» Provided records
============================================================

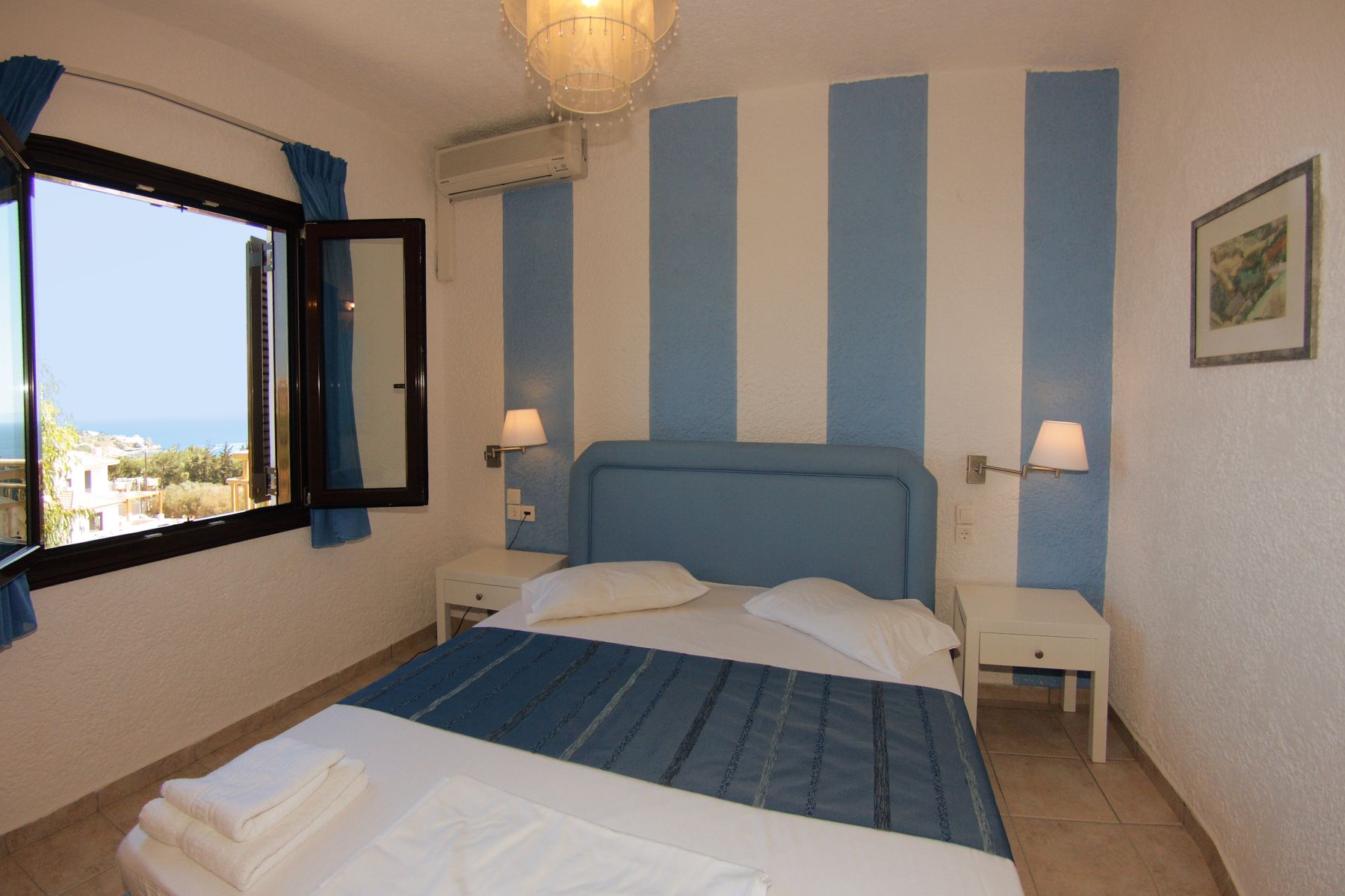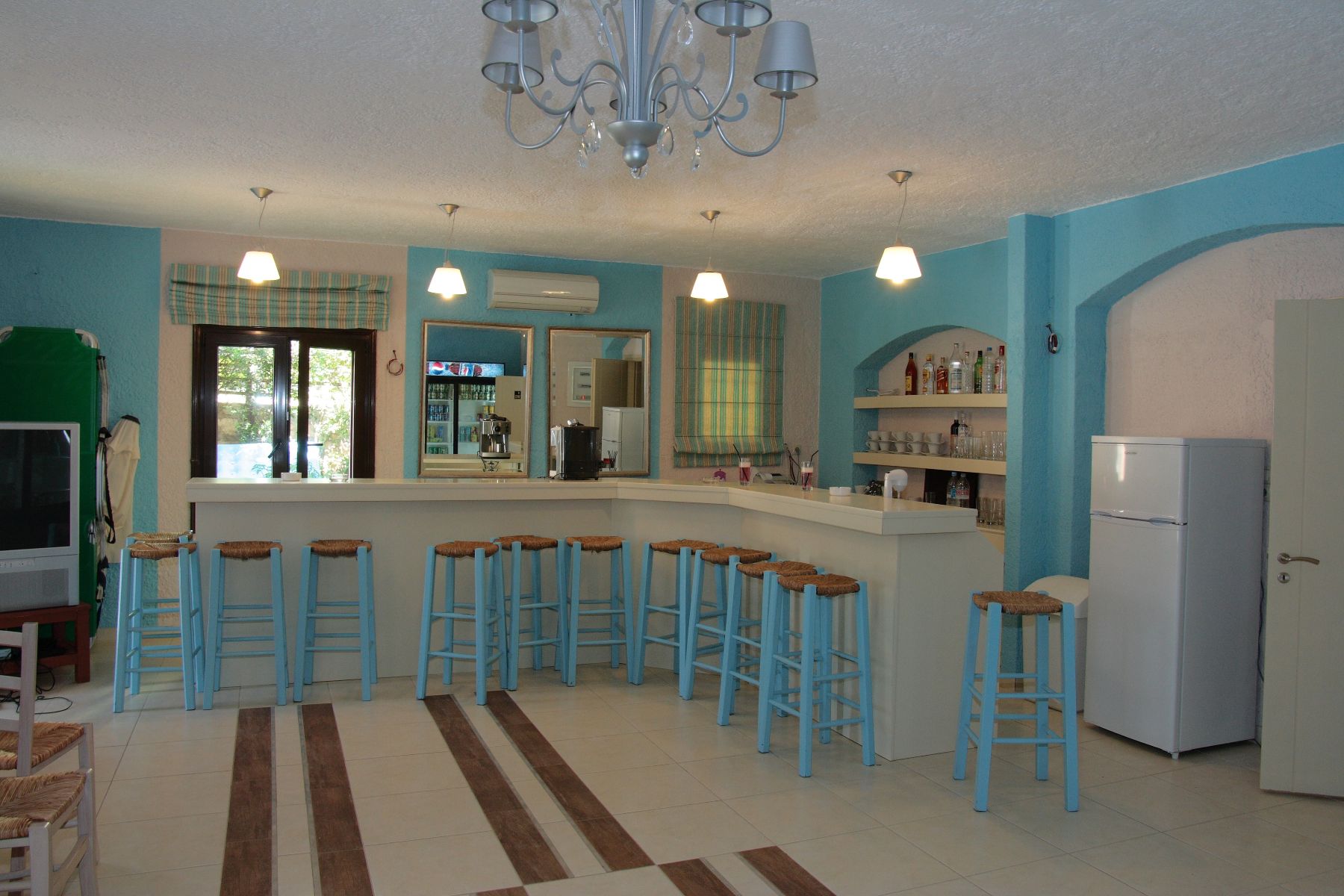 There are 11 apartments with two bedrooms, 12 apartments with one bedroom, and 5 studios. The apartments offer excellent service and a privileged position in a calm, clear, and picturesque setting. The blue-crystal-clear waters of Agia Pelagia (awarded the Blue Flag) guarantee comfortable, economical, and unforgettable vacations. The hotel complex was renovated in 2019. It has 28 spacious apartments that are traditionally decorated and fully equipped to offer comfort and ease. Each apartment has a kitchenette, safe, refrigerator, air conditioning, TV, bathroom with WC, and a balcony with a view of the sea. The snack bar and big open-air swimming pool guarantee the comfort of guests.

============================================================

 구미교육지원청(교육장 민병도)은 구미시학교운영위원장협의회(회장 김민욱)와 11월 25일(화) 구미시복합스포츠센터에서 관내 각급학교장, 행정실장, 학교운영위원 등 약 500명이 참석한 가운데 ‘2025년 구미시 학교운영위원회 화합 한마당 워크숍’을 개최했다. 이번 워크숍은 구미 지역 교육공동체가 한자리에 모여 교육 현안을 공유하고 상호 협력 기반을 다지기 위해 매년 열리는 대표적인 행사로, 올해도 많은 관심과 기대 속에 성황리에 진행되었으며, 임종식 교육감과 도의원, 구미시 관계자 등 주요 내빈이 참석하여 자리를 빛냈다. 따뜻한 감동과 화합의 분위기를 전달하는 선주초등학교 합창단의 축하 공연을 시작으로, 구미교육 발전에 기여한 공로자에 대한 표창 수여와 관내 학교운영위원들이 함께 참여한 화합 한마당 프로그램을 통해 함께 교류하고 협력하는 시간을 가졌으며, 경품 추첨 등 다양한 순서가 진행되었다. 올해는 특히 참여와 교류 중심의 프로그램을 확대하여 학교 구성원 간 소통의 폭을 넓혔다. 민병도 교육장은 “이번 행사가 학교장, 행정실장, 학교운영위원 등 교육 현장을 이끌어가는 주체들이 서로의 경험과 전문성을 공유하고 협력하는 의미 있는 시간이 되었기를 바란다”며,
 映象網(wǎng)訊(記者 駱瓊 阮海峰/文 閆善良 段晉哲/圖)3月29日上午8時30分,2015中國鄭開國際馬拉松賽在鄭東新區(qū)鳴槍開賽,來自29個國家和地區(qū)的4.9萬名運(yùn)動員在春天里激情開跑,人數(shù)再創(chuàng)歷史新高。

============================================================

» Work instruction
Reproduce, exactly as they stand in the data above, the lines from the one that holds "구미교육지원청(교육장 민병도)은 구미시학교운영위원장협의회(회장" to the one that holds "映象網(wǎng)訊(記者 駱瓊 阮海峰/文", inclusive.

» Exercise answer
 구미교육지원청(교육장 민병도)은 구미시학교운영위원장협의회(회장 김민욱)와 11월 25일(화) 구미시복합스포츠센터에서 관내 각급학교장, 행정실장, 학교운영위원 등 약 500명이 참석한 가운데 ‘2025년 구미시 학교운영위원회 화합 한마당 워크숍’을 개최했다. 이번 워크숍은 구미 지역 교육공동체가 한자리에 모여 교육 현안을 공유하고 상호 협력 기반을 다지기 위해 매년 열리는 대표적인 행사로, 올해도 많은 관심과 기대 속에 성황리에 진행되었으며, 임종식 교육감과 도의원, 구미시 관계자 등 주요 내빈이 참석하여 자리를 빛냈다. 따뜻한 감동과 화합의 분위기를 전달하는 선주초등학교 합창단의 축하 공연을 시작으로, 구미교육 발전에 기여한 공로자에 대한 표창 수여와 관내 학교운영위원들이 함께 참여한 화합 한마당 프로그램을 통해 함께 교류하고 협력하는 시간을 가졌으며, 경품 추첨 등 다양한 순서가 진행되었다. 올해는 특히 참여와 교류 중심의 프로그램을 확대하여 학교 구성원 간 소통의 폭을 넓혔다. 민병도 교육장은 “이번 행사가 학교장, 행정실장, 학교운영위원 등 교육 현장을 이끌어가는 주체들이 서로의 경험과 전문성을 공유하고 협력하는 의미 있는 시간이 되었기를 바란다”며,
 映象網(wǎng)訊(記者 駱瓊 阮海峰/文 閆善良 段晉哲/圖)3月29日上午8時30分,2015中國鄭開國際馬拉松賽在鄭東新區(qū)鳴槍開賽,來自29個國家和地區(qū)的4.9萬名運(yùn)動員在春天里激情開跑,人數(shù)再創(chuàng)歷史新高。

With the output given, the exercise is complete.